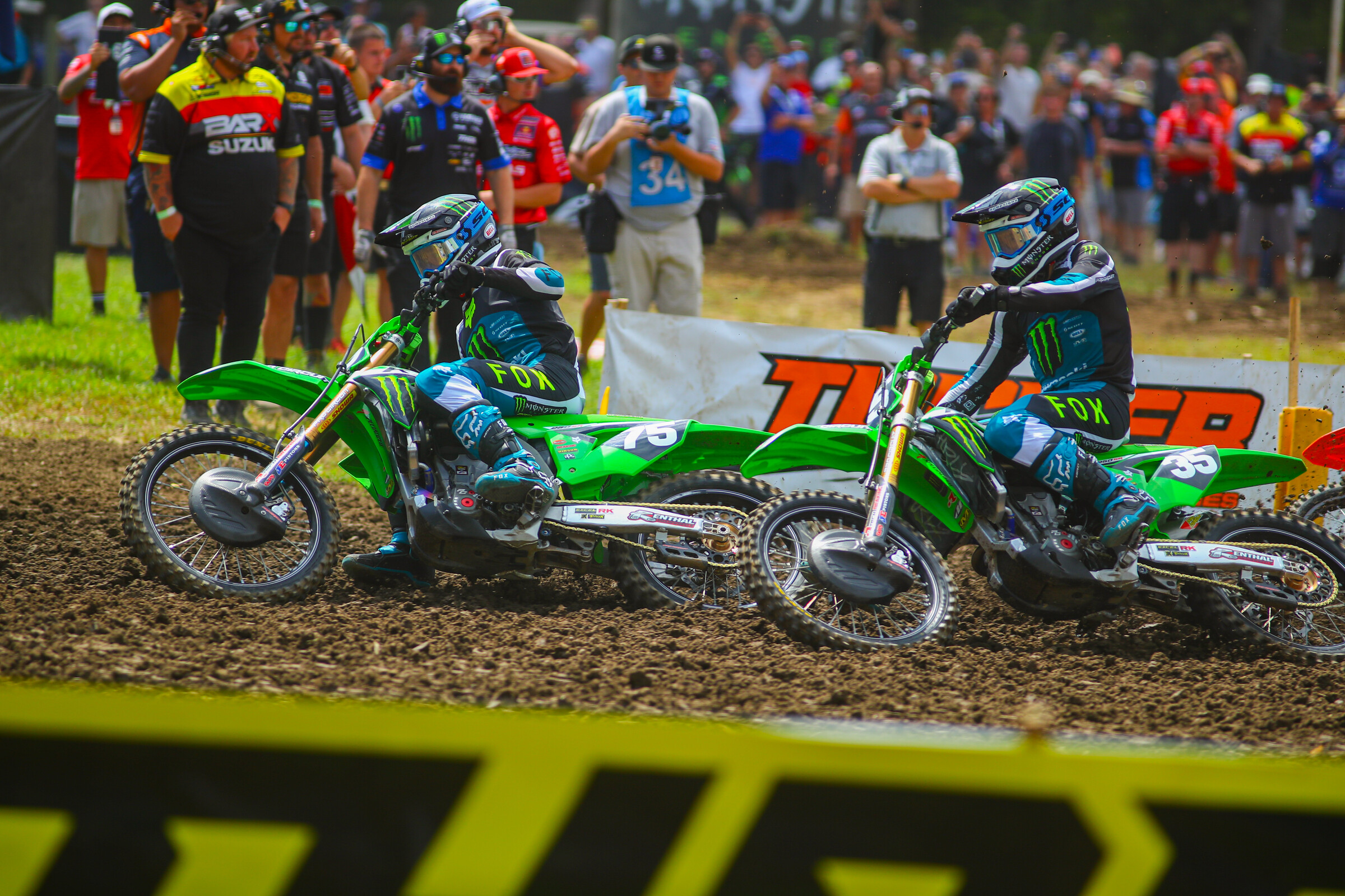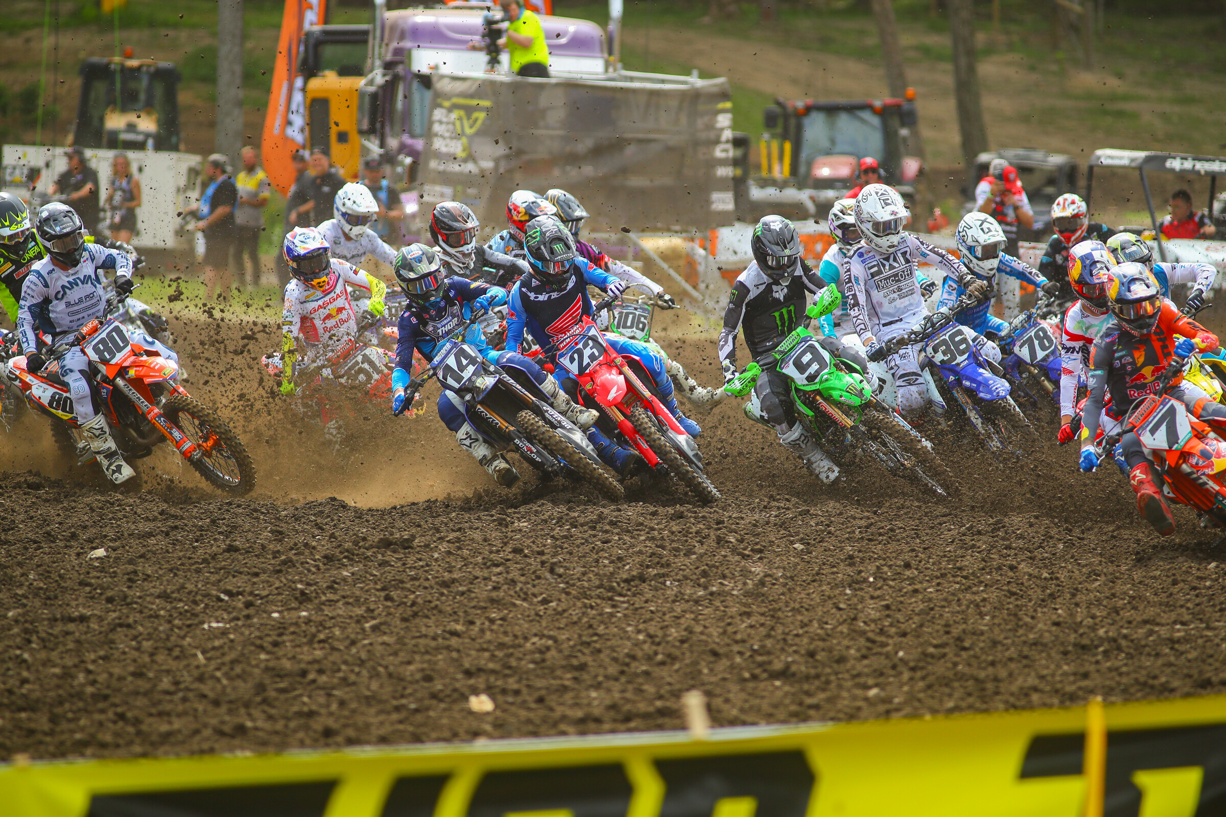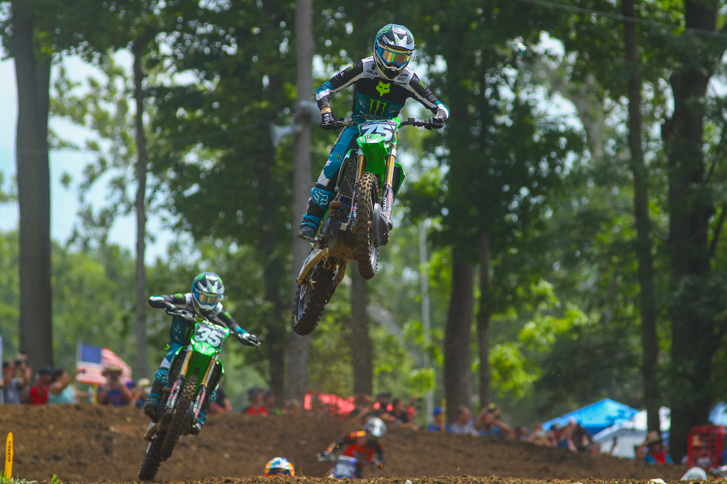 “I saw the chaos in the second turn,” Hunter Lawrence said after the race. “I saw blue bikes and then the No. 32 and thought, ‘That sucks.’ I was way, way back, trying to be patient and trying not to rush anything. Man, what a year. Never say die, never give up. It’s unbelievable. So honored to thank the team with five championships, and the year’s not done.”
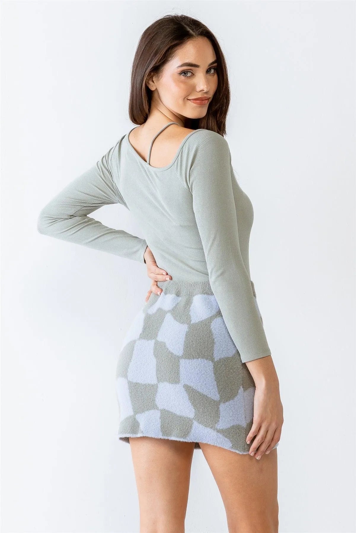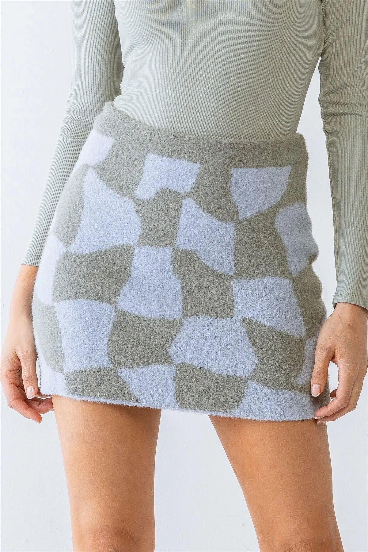 The Dusty Blue & Grey Abstract Plaid Soft-To-Touch High Waist Mini Skirt effortlessly combines style and comfort. This high waist mini skirt features a unique dusty blue and grey abstract plaid pattern, giving it a modern and chic look. Made with soft-to-touch fabric, it offers a comfortable fit and feel. Elevate your wardrobe with this must-have piece.
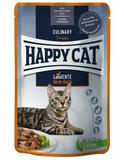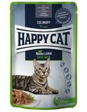 Nassfutter für Katzen mit feinem Lamm Zur Erhaltung eines gesunden Stoffwechsels brauchen Katzen Nassfutter. Happy Cat Meat in Sauce Culinary Weide-Lamm bietet deiner Samtpfote über 90 Prozent tierische Proteine am Gesamtprotein, ist leicht bekömmlich für Magen und Darm – und extra schmackhaft. Das Katzen-Nassfutter mit hohem Fleischanteil ist besonders für kastrierte und sterilisierte Kater und Katzen geeignet. Die Rezepturen aller Happy Cat Nassfutter-Zubereitungen wurden in enger Zusammenarbeit mit Tierärzten entwickelt und ernährungsphysiologisch bestätigt. Unser Natural Life Concept® berücksichtigt alle wichtigen Punkte der ausgewogenen, artgerechten Katzenernährung. Damit du keine weiteren Nahrungsergänzungsmittel benötigst, sind alle wichtigen Vitamine und Mineralstoffe bereits im Nassfutter enthalten. Nur naturreine Zutaten für ein hochwertiges Nassfutter: Katzen genießen es. Welche Vorteile hat Meat in Sauce Culinary Weide-Lamm? leicht bekömmlich gut verträglich für Magen und Darm geeignet für sterilisierte und kastrierte Katzen und Kater praktische Portionspackungen naturreine Zutaten Wie oft ist Nassfutter für Katzen empfehlenswert? Brauchen Katzen Nassfutter? Ja! Die Vorfahren der Hauskatze stillen ihren Flüssigkeitsbedarf vor allem über saftige Beutetiere. Daher haben viele Hauskatzen evolutionsbedingt ein geringes Trinkbedürfnis. Nimmt die Katze dauerhaft zu wenig Wasser zu sich, können Nierenprobleme entstehen. Katzen-Nassfutter wie Happy Cat Meat in Sauce Culinary Weide-Lamm sorgt also für zusätzliche Flüssigkeit. Ideal für den Nährwertgehalt ist eine Mischfütterung aus zwei Teilen gutem Katzen-Nassfutter mit hohem Fleischanteil und einem Teil Trockenfutter . Dazu reichst du frisches Wasser. Übrigens: Katzen-Nassfutter sollte im Napf nicht lange stehen bleiben. Angebrochene Portionen von Meat in Sauce Culinary und anderem Happy Cat Katzen-Nassfutter halten sich gekühlt zwei Tage.
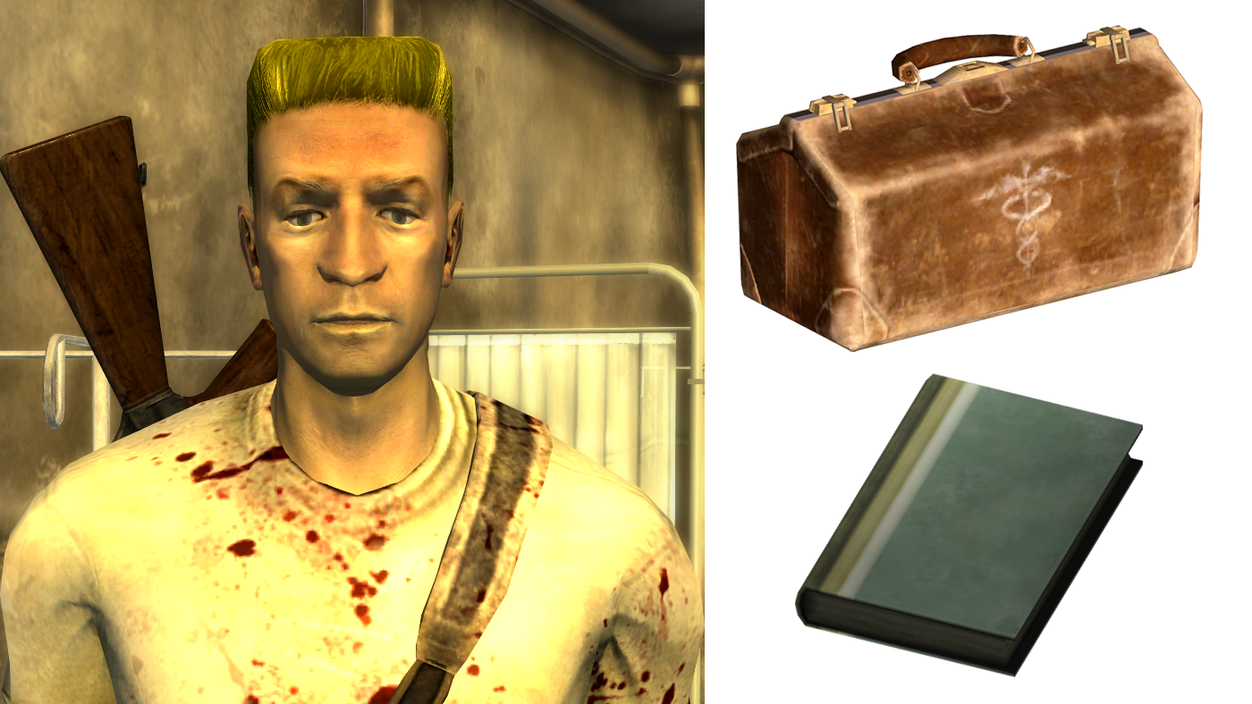 - Llévale al teniente Markland tres bolsas de doctor: Se pueden conseguir relativamente fácil en el Mojave , además de ser compradas o fabricadas por el jugador. Una vez que tengas las bolsas tendrás la opción de entregarle una, dos o las tres juntas.
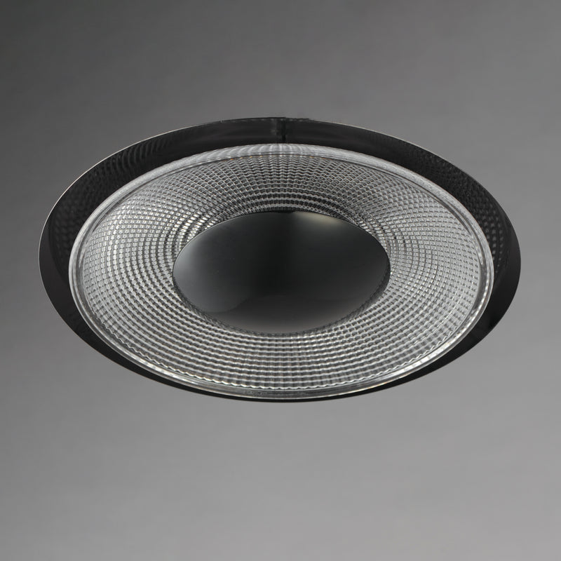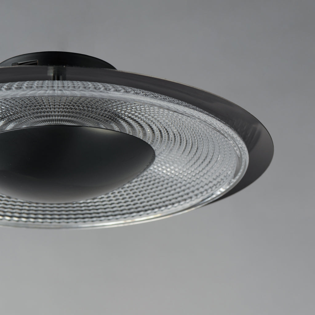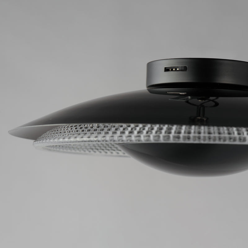 Somewhat recessed within a classic Mid-Century metal shade, a secondary thick glass shade pressed with prismatic patterns casts an iridescent light. The dedicated LED light source is concealed to reduce glare while providing ample lighting. Choose from large, thin-profiled cymbals of Brass with Dark Brown leather accents or Midnight Black metalwork with Black pebbled leather wraps stitched onto the frame. The Prismatic series of pendants, low profile surface mounts, and portable lamps incorporate advanced LED technology. A convenient touch dimmer on the base of the portable lamps features 3-step dimming allowing you to control the light settings for ambient or functional uses

WORK REQUIRED → Copy out the material above exactly; the images stay out.

ANSWER TO THE PROBLEM →
 “I saw the chaos in the second turn,” Hunter Lawrence said after the race. “I saw blue bikes and then the No. 32 and thought, ‘That sucks.’ I was way, way back, trying to be patient and trying not to rush anything. Man, what a year. Never say die, never give up. It’s unbelievable. So honored to thank the team with five championships, and the year’s not done.”
 The Dusty Blue & Grey Abstract Plaid Soft-To-Touch High Waist Mini Skirt effortlessly combines style and comfort. This high waist mini skirt features a unique dusty blue and grey abstract plaid pattern, giving it a modern and chic look. Made with soft-to-touch fabric, it offers a comfortable fit and feel. Elevate your wardrobe with this must-have piece.
 Nassfutter für Katzen mit feinem Lamm Zur Erhaltung eines gesunden Stoffwechsels brauchen Katzen Nassfutter. Happy Cat Meat in Sauce Culinary Weide-Lamm bietet deiner Samtpfote über 90 Prozent tierische Proteine am Gesamtprotein, ist leicht bekömmlich für Magen und Darm – und extra schmackhaft. Das Katzen-Nassfutter mit hohem Fleischanteil ist besonders für kastrierte und sterilisierte Kater und Katzen geeignet. Die Rezepturen aller Happy Cat Nassfutter-Zubereitungen wurden in enger Zusammenarbeit mit Tierärzten entwickelt und ernährungsphysiologisch bestätigt. Unser Natural Life Concept® berücksichtigt alle wichtigen Punkte der ausgewogenen, artgerechten Katzenernährung. Damit du keine weiteren Nahrungsergänzungsmittel benötigst, sind alle wichtigen Vitamine und Mineralstoffe bereits im Nassfutter enthalten. Nur naturreine Zutaten für ein hochwertiges Nassfutter: Katzen genießen es. Welche Vorteile hat Meat in Sauce Culinary Weide-Lamm? leicht bekömmlich gut verträglich für Magen und Darm geeignet für sterilisierte und kastrierte Katzen und Kater praktische Portionspackungen naturreine Zutaten Wie oft ist Nassfutter für Katzen empfehlenswert? Brauchen Katzen Nassfutter? Ja! Die Vorfahren der Hauskatze stillen ihren Flüssigkeitsbedarf vor allem über saftige Beutetiere. Daher haben viele Hauskatzen evolutionsbedingt ein geringes Trinkbedürfnis. Nimmt die Katze dauerhaft zu wenig Wasser zu sich, können Nierenprobleme entstehen. Katzen-Nassfutter wie Happy Cat Meat in Sauce Culinary Weide-Lamm sorgt also für zusätzliche Flüssigkeit. Ideal für den Nährwertgehalt ist eine Mischfütterung aus zwei Teilen gutem Katzen-Nassfutter mit hohem Fleischanteil und einem Teil Trockenfutter . Dazu reichst du frisches Wasser. Übrigens: Katzen-Nassfutter sollte im Napf nicht lange stehen bleiben. Angebrochene Portionen von Meat in Sauce Culinary und anderem Happy Cat Katzen-Nassfutter halten sich gekühlt zwei Tage.
 - Llévale al teniente Markland tres bolsas de doctor: Se pueden conseguir relativamente fácil en el Mojave , además de ser compradas o fabricadas por el jugador. Una vez que tengas las bolsas tendrás la opción de entregarle una, dos o las tres juntas.
 Somewhat recessed within a classic Mid-Century metal shade, a secondary thick glass shade pressed with prismatic patterns casts an iridescent light. The dedicated LED light source is concealed to reduce glare while providing ample lighting. Choose from large, thin-profiled cymbals of Brass with Dark Brown leather accents or Midnight Black metalwork with Black pebbled leather wraps stitched onto the frame. The Prismatic series of pendants, low profile surface mounts, and portable lamps incorporate advanced LED technology. A convenient touch dimmer on the base of the portable lamps features 3-step dimming allowing you to control the light settings for ambient or functional uses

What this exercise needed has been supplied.